Ya desde las listas de convocados la ira se estaba desbordando en dirección de los banquillos. Siguiendo el ejemplo del Mundial de Italia 90, cuando en el duelo Argentina-Brasil de octavos de final el aguador de la albiceleste disolvió un Royphnol en las botellas que beberían los amazónicos para sedarlos, una vez que se supo que Dunga no llevaría a Ronaldinho a Sudáfrica se desató una fiebre nacional para intoxicar al timonel, no con narcóticos sino con cicuta. Y antes de que Francia se hundiera ignominiosamente en el grupo A de la mano de Domenech, ya había en París el proyecto de transformar el Obelisco en una vuvuzela gigante para empalarlo tan pronto regresara.

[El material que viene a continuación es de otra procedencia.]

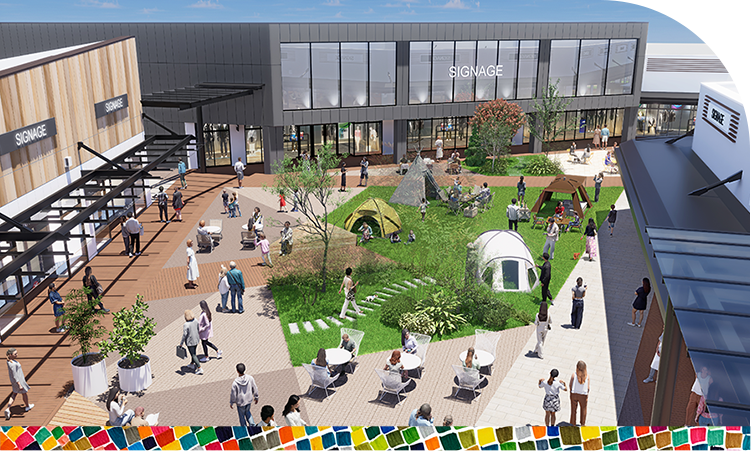 • ショップやカフェ、オフィスが集まった新しいライフスタイル施設。屋外広場には屋根があり、雨の日でも散策可能。

Es verdad que nos gustan tanto los chivos expiatorios que, si pudiéramos, los ordeñaríamos para más tarde triturarlos a través de los medios. Y también es verdad que quienes se desempeñan en el rectángulo de césped son los futbolistas y hacia ellos deberíamos dirigir la mirada y las críticas. Pero en el armado de una selección el técnico tiene mucha tela de donde cortar, las piezas del rompecabezas las decide él, y está claro que la desgracia de un equipo se escribe desde la convocatoria. Lippi, que siempre ha jugado a ver más, no sólo marginó a los ya veteranos pero muy peligrosos Totti, Del Piero y Toni, y a los delanteros que todos los tifosi pedían: Cassano, Balotelli y Borriello, sino que confió en la Vecchia Signora del Calcio —la Juventus—, como columna vertebral de una Italia lerda y decepcionante. Buffon, Cannavaro, Chiellini, Marchisio, Camoranesi, Pepe, Iaquinta… ¡todos de la Juve!, y no hay que olvidar que en su liga local ese equipo se quedó en un deslumbrante séptimo sitio y que su defensa, encabezada por los tres primeros arriba mencionados, recibió 56 goles, demasiadas para cualquier equipo de primera división y un auténtico escándalo para la mística italiana.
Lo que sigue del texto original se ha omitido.